# My first post



## Cardwell Farm (Aug 11, 2020)

Hi there, we are Cardwell Farm. I am learning so much about chickens and gardening. I absolutely love it. Me and my husband started 3 years ago almost. We have a YouTube channel and Facebook devoted to our homestead/farm. Look us up. Cardwell Farm


----------



## robin416 (Sep 8, 2013)

Welcome Cardwell. I thought I was having sleep issues last night but I see you posted at 1:30. 

What kind of chickens are you raising? What else does your farm contain?


----------



## Cardwell Farm (Aug 11, 2020)

robin416 said:


> Welcome Cardwell. I thought I was having sleep issues last night but I see you posted at 1:30.
> 
> What kind of chickens are you raising? What else does your farm contain?


Hey there, we raise pure Speckled Sussex right now. We are trying to bring the breed numbers up in the USA. They are amazing birds. Great personalities, beautiful, good layers, good meat. It's just amazing.


----------



## Cardwell Farm (Aug 11, 2020)

Cardwell Farm said:


> Hey there, we raise pure Speckled Sussex right now. We are trying to bring the breed numbers up in the USA. They are amazing birds. Great personalities, beautiful, good layers, good meat. It's just amazing.

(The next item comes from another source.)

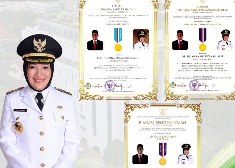 SURABAYATODAY.ID, BOJONEGORO – Bupati Bojonegoro Anna Mu’awanah mendapatkan tiga penghargaan sekaligus dari Menteri Desa, Pembangunan Daerah Tertinggal dan Transmigrasi Abdul Halim Iskandar,

And yes I was having a horrible time trying to sleep


----------



## robin416 (Sep 8, 2013)

I took benadryl to keep from waking up all night scratching at fire ant bites. 

It seems to cause me serious sleep issues so I don't think I'll ever do that again. 

Speckled Sussex seem to be a favorite among a number of people. I'm surprised that the numbers are low at all.


----------



## Cardwell Farm (Aug 11, 2020)

Yes they are on the breed conservancy list. We sell hatching eggs all over the USA so hopefully we are helping them out


----------



## robin416 (Sep 8, 2013)

I guess that's one of those things where a breed is super popular then another comes along and the other is pushed to the back of the line.


----------



## Cardwell Farm (Aug 11, 2020)

It's so sad, but true. Now it's all about the Cornish cross. I'm all about heritage breeds.


----------



## robin416 (Sep 8, 2013)

Cornish Cross though is used for the table. For me it was raising Silkies and I can tell you there is no shortage of them. I think it's more a personal preference thing. I had other breeds but it was the Silkies that I found the best fit for me.


----------



## Cardwell Farm (Aug 11, 2020)

I absolutely loveeee silkies. Soo cute!


----------